Data entries
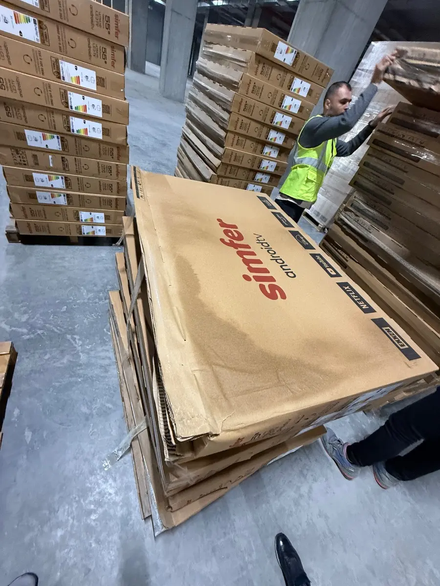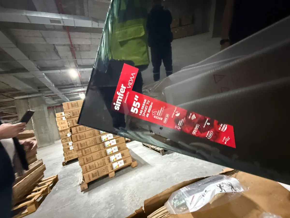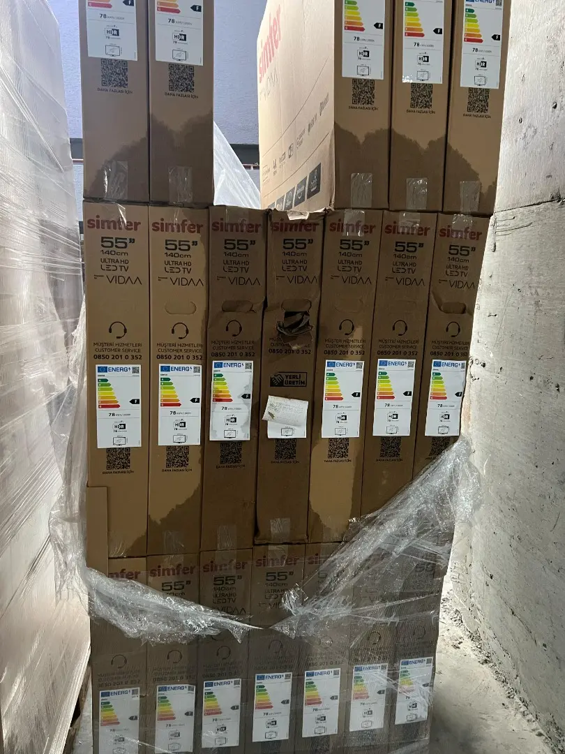 33 Bobin yaklaşık 13 ton kağıt ile 383 adet Simfer marka 55 inç televizyon hasarlıdır. Fotoğraflarda kutular görülmektedir. Tüm televizyonlar aynı marka ve modellerdir.
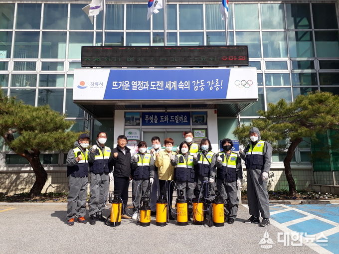 경포동 경포의용소방대 20여 명은 22일 13:00에 경포해변 중앙통로, 경포 인근상가 등을 중심으로 방역활동을 하였다.
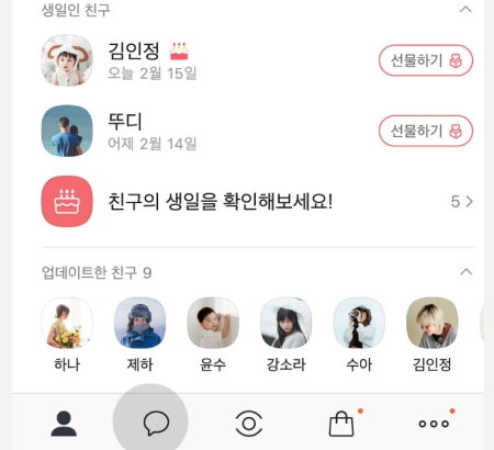 1. 친구 목록에서 생일인 친구를 확인하고 축하 메시지를 보내기 위해 해당 친구와의 대화창으로 들어가 주세요. 꼭 생일이 아니더라도, 메시지를 보내고 싶은 상대방과의 대화창을 열면 준비는 끝납니다.
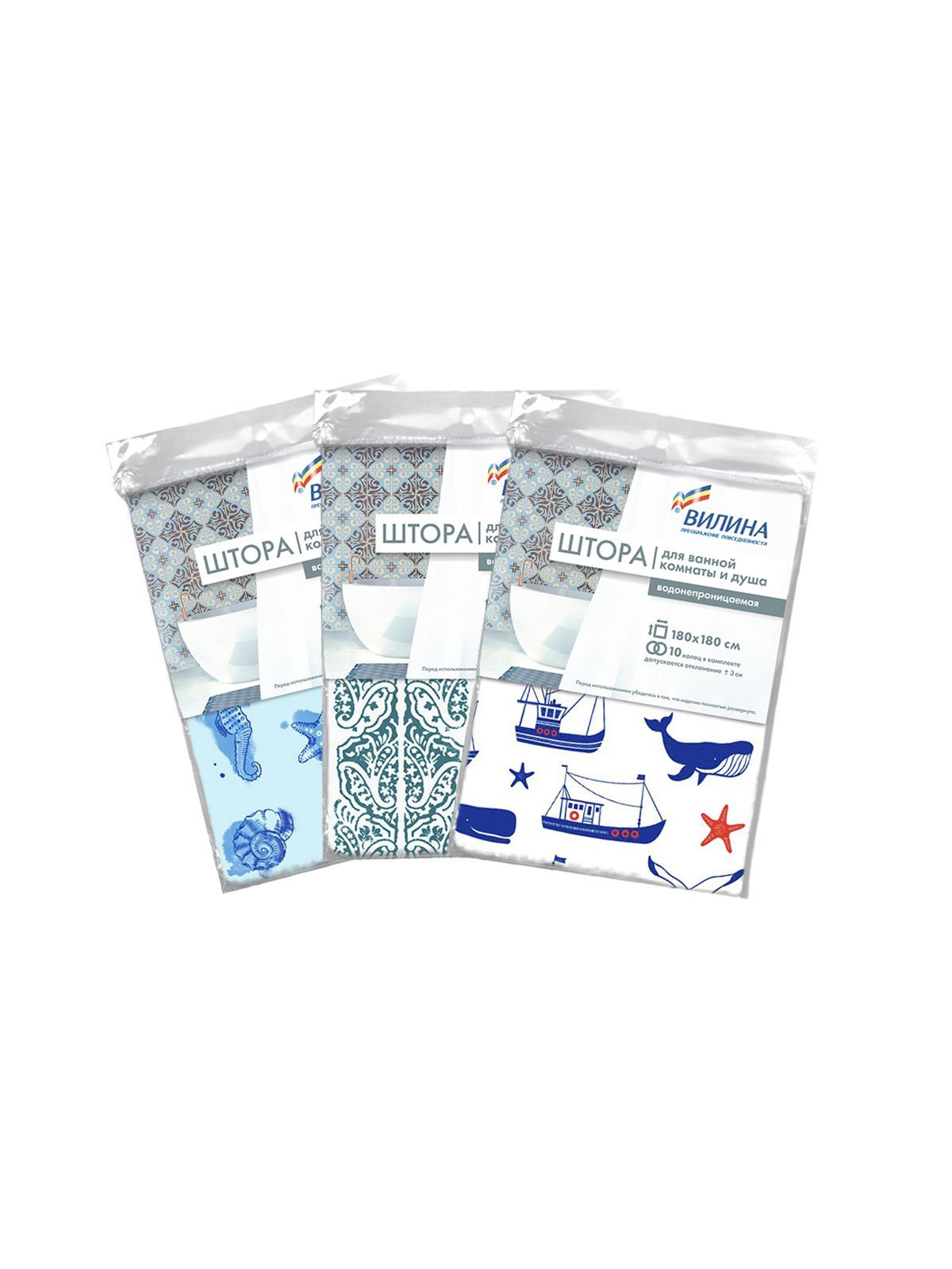 Шторы для ванной комнаты с рисунком. Состав: полиэтилен (в комплекте 10 колец; материал колец - полипропилен). Размер 180*180 см. Индивидуальная упаковка. Производство: Россия. Товар декларирован и со
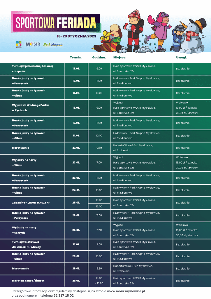 Szczegółowe informacje oraz zapisy: www.mosir.myslowice.pl, (32) 317 18 02.
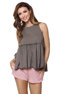 Piżama damska, składająca się z koszulki oraz krótkich spodenek. Koszulka khaki bez rękawków, od połowy odcięcie z falbanką. Spodenki w kolorze brudnego różu...
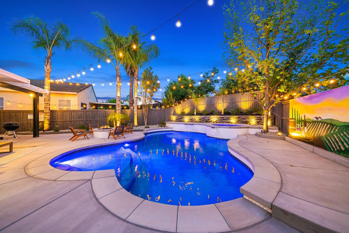 Bem-vindo ao nosso requintado retiro Airbnb em Temecula Wine Country. Com uma nova piscina, interior totalmente remodelado, todos os novos móveis modernos de meados do século, incluindo colchões de espuma de memória, churrasqueira exterior, mesa de bilhar e spa, convenientemente localizado a poucos minutos de vinícolas, desfrute de uma taça de vinho ou cozinhe uma refeição requintada no quintal. Relaxe, descontraia e crie memórias inesquecíveis em seu próprio pedaço de paraíso. Reserve sua estadia conosco hoje e embarque em uma extraordinária aventura no país do vinho.
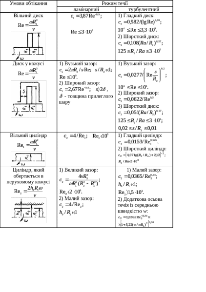 - густина рідини; c1 та с2 – коефіцієнти дискового тертя, формули для обчислення яких наведені в таблиці 4.

> [TASK OBJECTIVE]:
Quote only the lines that start at the line holding "Шторы для ванной" and end at the last line of the entries, including both of those lines, and omit every picture.

> [REPLY TO THE TASK]:
 Шторы для ванной комнаты с рисунком. Состав: полиэтилен (в комплекте 10 колец; материал колец - полипропилен). Размер 180*180 см. Индивидуальная упаковка. Производство: Россия. Товар декларирован и со
 Szczegółowe informacje oraz zapisy: www.mosir.myslowice.pl, (32) 317 18 02.
 Piżama damska, składająca się z koszulki oraz krótkich spodenek. Koszulka khaki bez rękawków, od połowy odcięcie z falbanką. Spodenki w kolorze brudnego różu...
 Bem-vindo ao nosso requintado retiro Airbnb em Temecula Wine Country. Com uma nova piscina, interior totalmente remodelado, todos os novos móveis modernos de meados do século, incluindo colchões de espuma de memória, churrasqueira exterior, mesa de bilhar e spa, convenientemente localizado a poucos minutos de vinícolas, desfrute de uma taça de vinho ou cozinhe uma refeição requintada no quintal. Relaxe, descontraia e crie memórias inesquecíveis em seu próprio pedaço de paraíso. Reserve sua estadia conosco hoje e embarque em uma extraordinária aventura no país do vinho.
 - густина рідини; c1 та с2 – коефіцієнти дискового тертя, формули для обчислення яких наведені в таблиці 4.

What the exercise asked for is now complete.